Rep. Liz Cheney’s vote to impeach President Trump put her political future in jeopardy back home in Wyoming, revealed a state GOP official.
Doubts quickly surfaced about her viability in the 2022 GOP primary after she announced her support of impeachment and then lead nine other House Republicans on Wednesday in voting to impeach Mr. Trump for inciting the deadly Jan. 6 riot at the U.S. Capitol.
“She couldn’t win a primary today for dog catcher,” said Martin Kimmet, chairman of the Republican Party in Park County, Wyoming.
Ms. Cheney, the No. 3 House Republican leader and the daughter of former Vice President Dick Cheney, went from a rising star into a political nosedive virtually overnight.
“I’ve gotten a lot of phone calls, more than you could count. I have not gotten one in support of what Liz Cheney did,” said Mr. Kimmet. “What she did was wrong. Period.”
He echoed other critics of the impeachment, saying it was rushed and Mr. Trump was denied due process.
Ms. Cheney has held Wyoming’s single House seat since 2017. She won her first reelection bid last year with 68.7% of the statewide vote.
The anger she now is weathering in Wyoming reflects the ongoing solid support for Mr. Trump among Republican voters nationwide.
An NBC News poll released Thursday showed only 8% of Republican voters supported impeachment, compared to 89% of Democrats and 45% of independents.
The blowback also hit Ms. Cheney in Washington, where fellow Republican Reps.

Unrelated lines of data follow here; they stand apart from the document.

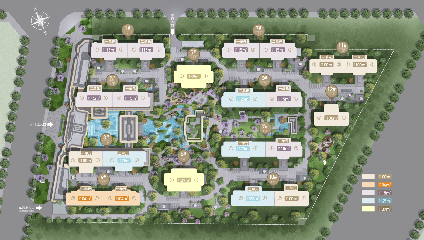 小高层:建面约100㎡套三双卫,建面约115㎡套四双卫,建面约125㎡/139㎡套四三卫
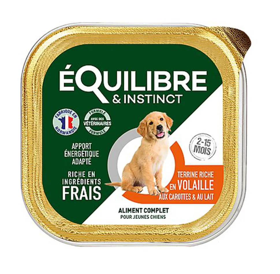Les pâtées Equilibre & Instinct pour chiot sont riches en volaille, leur recette offre un apport énergétique adapté aux besoins d’un chien en pleine croissance.
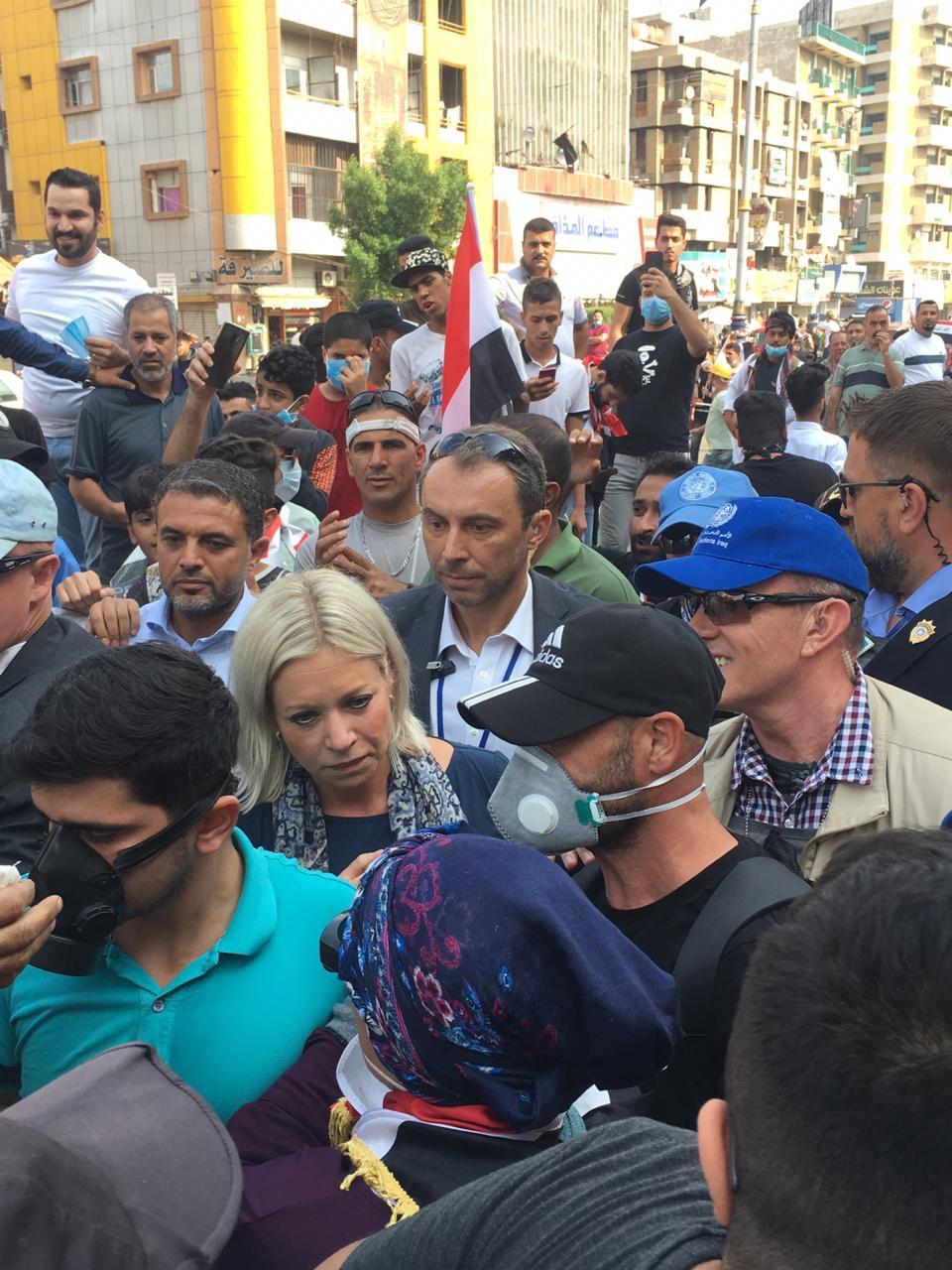 يذكر ان بلاسخارت التقت يوم الاثنين برئيس مجلس الوزراء العراقي عادل عبدالمهدي ، وأعربت رئيسة بعثة الأمم المتحدة لمساعدة العراق، عن أسفها واستنكارها لما رافق المظاهرات في العراق من أحداث عنف، داعية الجميع للوقوف ضد المسلحين الذين يتسللون بين المتظاهرين السلميين.

Andy Biggs of Arizona and Matt Rosendale of Montana are circulating a petition to knock her off the leadership team.
House Minority Leader Kevin McCarthy, California Republican, does not support the effort, as first reported by The Washington Examiner.
Ms. Cheney bucked her critics in the House Republican Conference.

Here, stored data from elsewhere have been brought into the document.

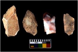 | Description / विवरण | There are n 4 utilized flake cores. There are multidirectional irregular scar pattern on both dorsal and ventral face of the flake cores. One has sharp edges and three have blunted edges. |
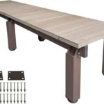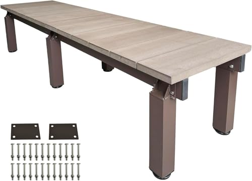アイガーデンの縁台DXダークブラウンは、幅180cm、奥行45cm、高さ40~44cmの調節可能な人工木製デッキです。アルミニウム合金製で耐久性があり、踏み台やベンチ、花台としても使用可能です。
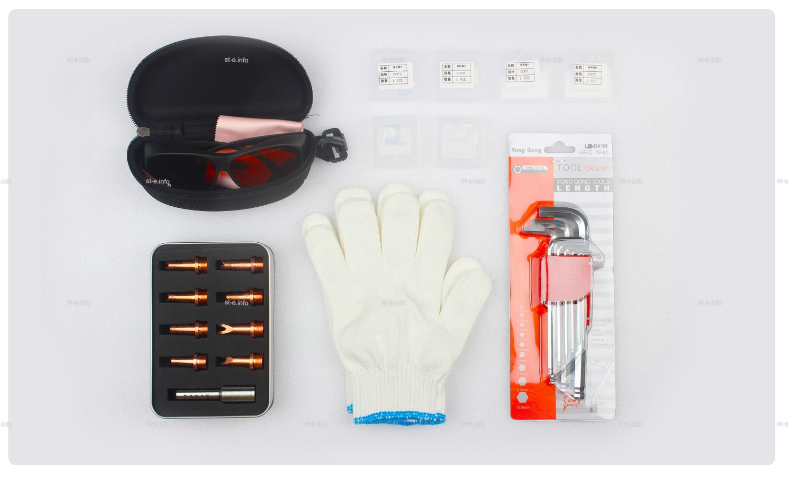 Набор расходных материалов: Включает запасные расходные материалы, такие как лазерные линзы, фильтры, сварочные электроды и другие детали, которые могут быть подвержены износу или требовать замены в процессе эксплуатации.
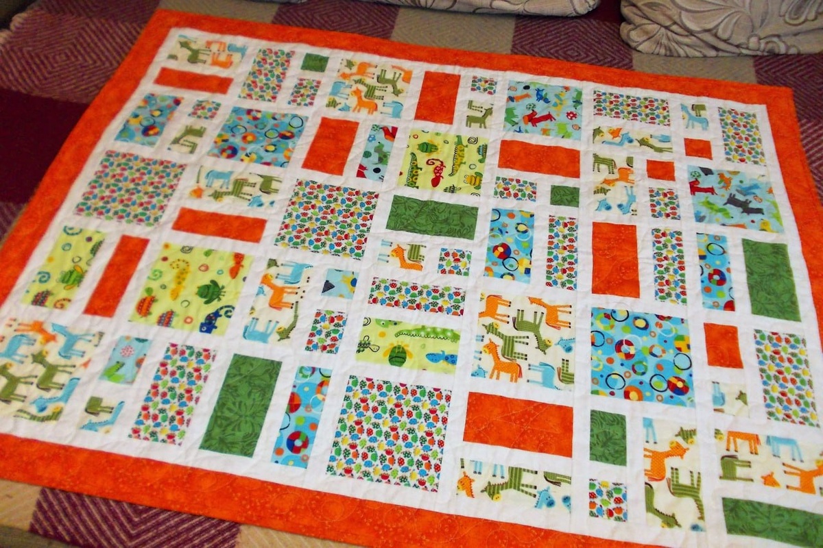 Хочу сегодня показать вам, как сшить детское одеялко просто из цветных квадратов и прямоугольников. Шила я его давно, и даже было описание где-то в Интернете. Но тогда я его не сохранила, а теперь не нашла. На самом деле, принцип, использованный в этом одеяле, широко применяется для одеял любого размера. Только вид блоков меняется. А началось всё с двух кусочков тканей детских расцветок размером 45х50см, которые мне подарили. И, как вы понимаете, сшить из него можно было только что-то детское. Но даже на детское одеяло этих тканей, конечно же, не хватало. Пришлось докупить две ткани с таким же детским рисунком и два вида однотонных тканей, подходящих по цвету. Ну и, конечно, добавить белую фоновую. Мне вообще нравятся детские одеяла именно с белой фоновой: она добавляет лёгкости... Схему одеяла выбрала следующую: Как вы видите, здесь только квадраты и прямоугольники. Размер блока для изделия я выбрала 6" (15см) в готовом виде. Часть блоков представляют из себя просто целые квадраты, а
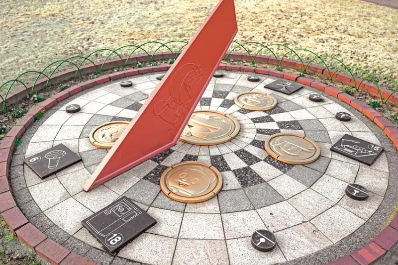 ▲除了雕像外,園內的日晷也融入了哆啦A夢的身影及各種道具法寶。
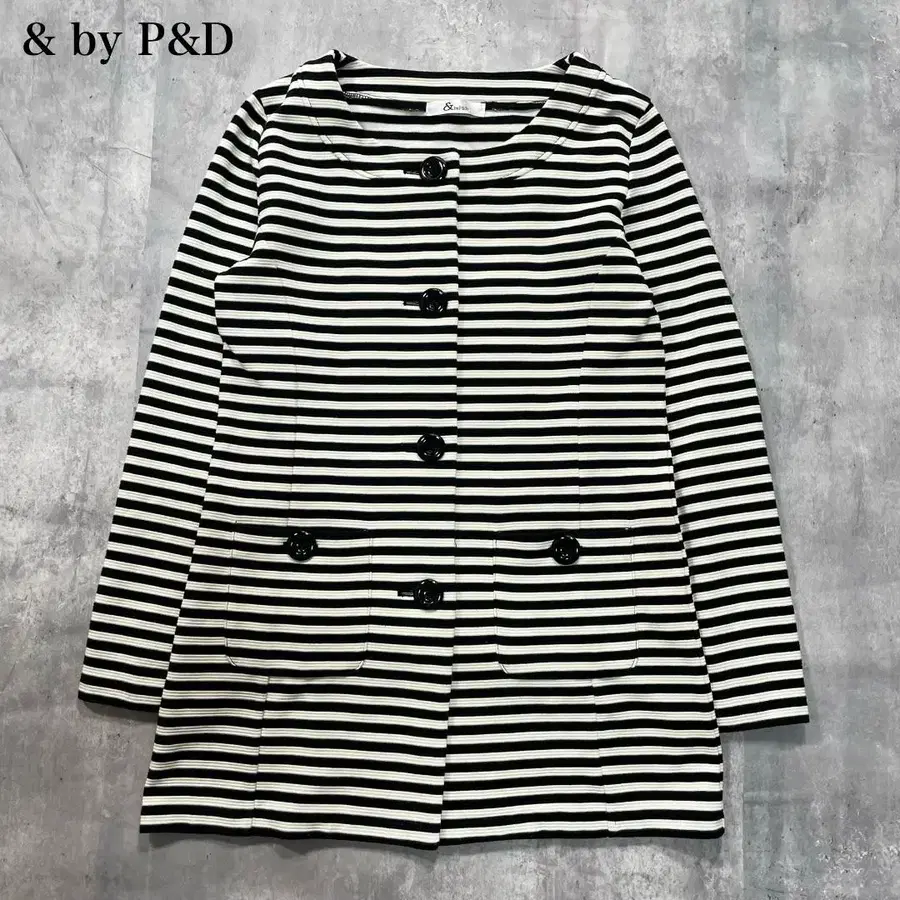 앤드바이핑키앤다이안 [ M ] 노카라 자켓 보더 무늬 미들 기장

“I’m not going anywhere. This is a vote of conscience. It’s one where there are different views in our conference. But our nation is facing an unprecedented — since the Civil War — constitutional crisis.” she told reporters at the Capitol.
After casting the impeachment vote, she told the Wyoming press corps that she was going to help lead Republicans back to a House majority in a post-Trump Washington.
“Once we get through this period, once we get through the inauguration, we will very much be focused on policy,” she said. “I’m laying out a positive agenda for the future, and it’ll be one that will allow us to get the majority back in two years. That’s what I’m focused on, and that’s what I look forward to our conference being able to accomplish.”
Mr. Kimmet wasn’t convinced.
“I don’t care how she spins it,” he said. “What she did was wrong.”